Il Botswana ha scorte di diamanti quasi doppie rispetto ai livelli-obiettivo fissati dal governo, un accumulo che – in un contesto di prezzi ancora depressi – limita nel breve periodo la possibilità di aumentare la produzione per sostenere la ripresa economica. Secondo un documento di strategia di bilancio 2026/27 del ministero delle Finanze ripreso da Reuters, alla fine di dicembre 2025 la giacenza nazionale era pari a 12 milioni di carati, quasi il doppio del livello massimo consentito dal governo, fissato a 6,5 milioni di carati.

Il ministero afferma che, finché le scorte non verranno ridotte avvicinandosi ai minimi consentiti, la produzione resterà “sostanzialmente invariata”, riducendo quindi il margine per una crescita trainata dal comparto minerario.

L’economia del Botswana era attesa in contrazione di quasi l’1% nel 2025 dopo il calo del 3% dell’anno precedente, una dinamica attribuita in larga parte al crollo dei prezzi dei diamanti sotto la pressione delle gemme sintetiche e della domanda globale debole, secondo quanto riportato da Reuters.
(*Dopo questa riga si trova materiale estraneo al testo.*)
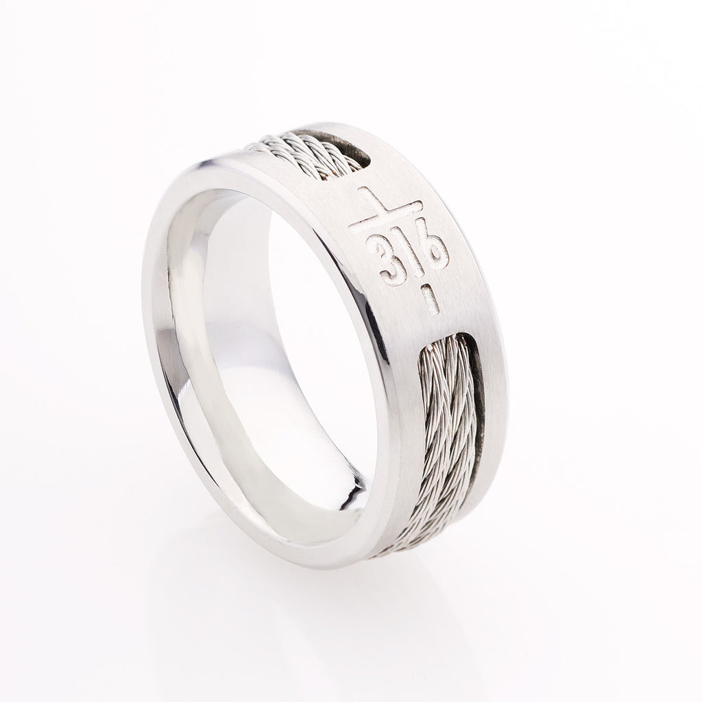 This exquisitely crafted men's ring references the profound message of God's love for the world found in John 3:16. This stainless steel ring features a double row wire accent with a laser engraved cross and Scripture reference from John 3:16. The overall design gives it a rugged yet sophisticated look.

Il ribasso dei prezzi ha spinto Debswana – joint venture tra il Botswana e De Beers, responsabile di circa il 90% delle vendite di diamanti del Paese – a sospendere temporaneamente la produzione in alcune miniere lo scorso anno.
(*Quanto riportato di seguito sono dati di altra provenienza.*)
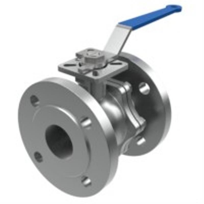 Flenskogelkraan, S216D, volle doorlaat, PN16, inbouwlengte vlgs DIN3202 F4, ISO5211 montageflens, RVS316 (1.4408/1.4401) huis/kogel/spindel, PTFE zittingen/afdichtingen, handbediend, DN100

Il Botswana ha prodotto 18 milioni di carati nel 2024, secondo solo alla Russia, sulla base dei dati del Kimberley Process Certification Scheme.
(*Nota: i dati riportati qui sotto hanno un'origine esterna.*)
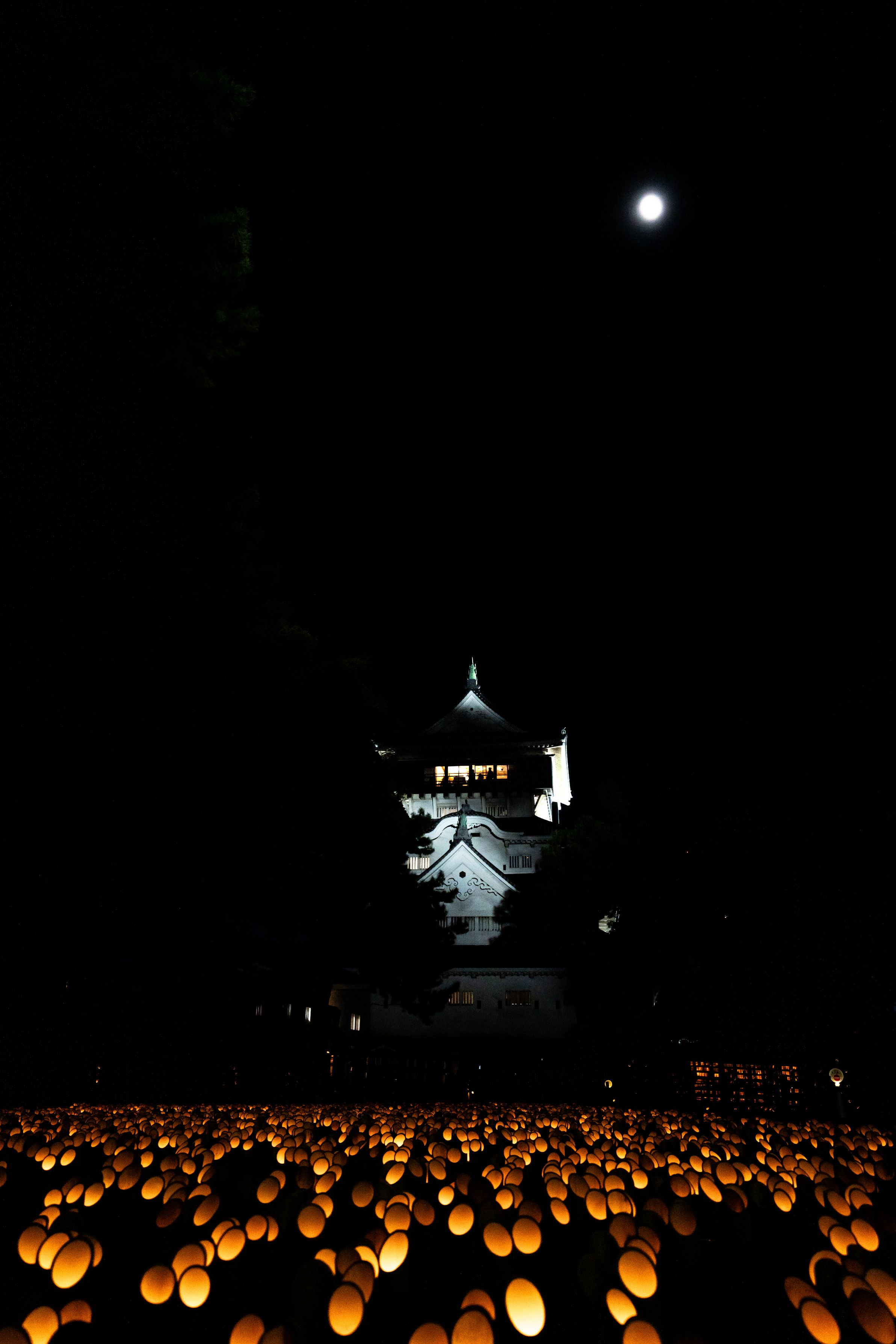 小倉城の竹あかりの定番構図です 丁度月がいい感じで出てました

Nel documento di bilancio, il ministero sottolinea che l’impossibilità di aumentare rapidamente l’output rischia di comprimere ulteriormente le prospettive economiche, a meno che i settori non minerari non registrino una performance significativamente migliore.

In Botswana i diamanti rappresentano tradizionalmente circa un terzo delle entrate nazionali e tre quarti dei proventi in valuta estera.

Il ministero richiama inoltre i rischi legati ai dazi: le esportazioni verso gli Stati Uniti, inclusi i diamanti, sono ora soggette a una tariffa del 15%. Eventuali tariffe più elevate in altri mercati chiave per i consumi – come l’India – potrebbero prolungare la fase di prezzi bassi e ridurre ulteriormente i margini.

Le entrate minerarie sono stimate a 10,3 miliardi di pula nel 2025/26, contro una media storica annua di 25,3 miliardi, riflettendo il calo delle vendite di diamanti, secondo quanto riportato dal documento.